◆ Information shown:
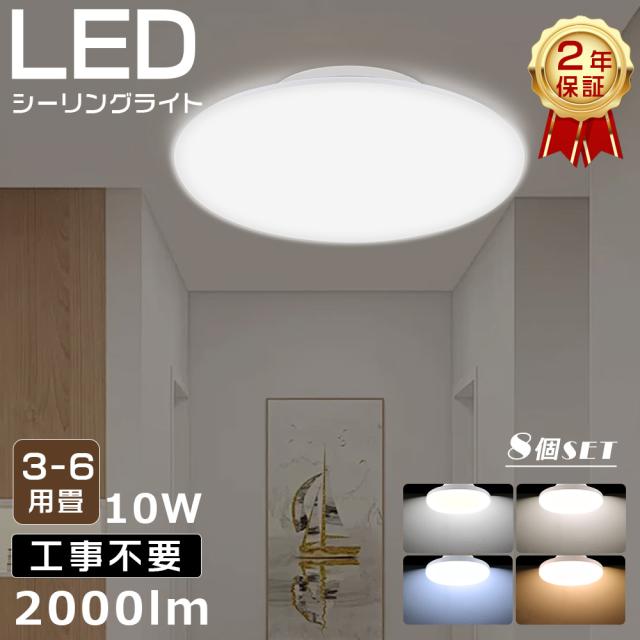 ≪8個入り≫天井照明 シーリングライト 和風 小型シーリングライト LEDシーリングライト 6畳 シーリングライト おしゃれ LEDライト 100W相当 LED照明器具 台所 10W 明るい 2000LM コンパクト 薄型 ダイニング リビング照明 玄関灯 廊下 階段 新居 子供部屋 トイレ PSE認証済
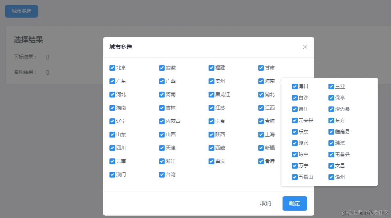 ⑥:展示类型,指勾选框的样式,默认方块展示,可设置按钮样式。
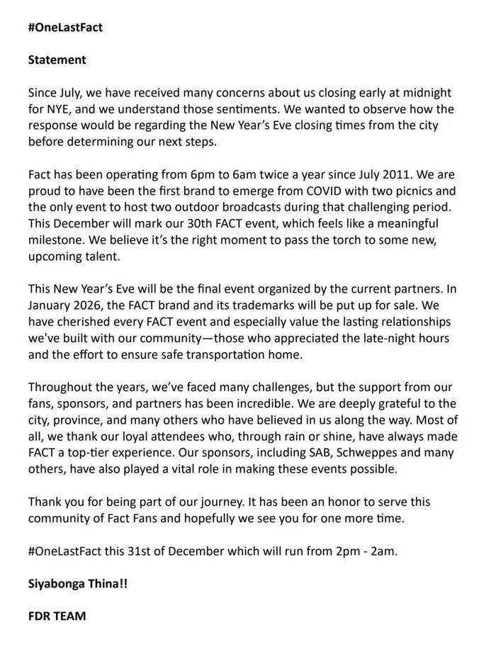 Uphawu lwe-FACT Durban Rocks selufakwe endalini, ngakho-ke abanesifo so sokuluthenga bangasondeli. Umcimbi wokuhlukanisa unyaka ka2025 uphawula lokugcina ngaphansi kukaTira nethimba lakhe.
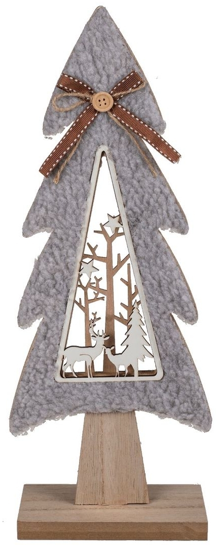 Der Weihnachtsbaum mit Stillleben ist eine stilvolle Dekoration für die festliche Jahreszeit. Mit einer Höhe von ca. 40 cm und einem plastischen Stillleben im Kern, umrandet von weichem Teddyfleece, zieht er alle Blicke auf sich. Das Herzstück bildet ein weiß koloriertes Stillleben von einem Hirsch mit Reh im Wald. Gekrönt wird der Baum von einer charmanten Schleife mit Knopf. **Highlights** - Plastisches Stillleben im Kern - Umrandung aus weichem Teddyfleece - Charmante Schleife mit Knopf als Akzent - Weiß koloriertes Stillleben von Hirsch und Reh - Stilvolle Dekoration für die festliche Jahreszeit **Produkteigenschaften** - Modell: Weihnachtsbaum mit Stillleben - Maße (HxBxT): ca. 40 x 14,5 x 6,5 cm - Material: Holz - Farbe: Grau oder Hellbraun

◆ Problem details: None of the pictures should appear; copy the rest of the material above exactly.

◆ Result of the exercise:
 ≪8個入り≫天井照明 シーリングライト 和風 小型シーリングライト LEDシーリングライト 6畳 シーリングライト おしゃれ LEDライト 100W相当 LED照明器具 台所 10W 明るい 2000LM コンパクト 薄型 ダイニング リビング照明 玄関灯 廊下 階段 新居 子供部屋 トイレ PSE認証済
 ⑥:展示类型,指勾选框的样式,默认方块展示,可设置按钮样式。
 Uphawu lwe-FACT Durban Rocks selufakwe endalini, ngakho-ke abanesifo so sokuluthenga bangasondeli. Umcimbi wokuhlukanisa unyaka ka2025 uphawula lokugcina ngaphansi kukaTira nethimba lakhe.
 Der Weihnachtsbaum mit Stillleben ist eine stilvolle Dekoration für die festliche Jahreszeit. Mit einer Höhe von ca. 40 cm und einem plastischen Stillleben im Kern, umrandet von weichem Teddyfleece, zieht er alle Blicke auf sich. Das Herzstück bildet ein weiß koloriertes Stillleben von einem Hirsch mit Reh im Wald. Gekrönt wird der Baum von einer charmanten Schleife mit Knopf. **Highlights** - Plastisches Stillleben im Kern - Umrandung aus weichem Teddyfleece - Charmante Schleife mit Knopf als Akzent - Weiß koloriertes Stillleben von Hirsch und Reh - Stilvolle Dekoration für die festliche Jahreszeit **Produkteigenschaften** - Modell: Weihnachtsbaum mit Stillleben - Maße (HxBxT): ca. 40 x 14,5 x 6,5 cm - Material: Holz - Farbe: Grau oder Hellbraun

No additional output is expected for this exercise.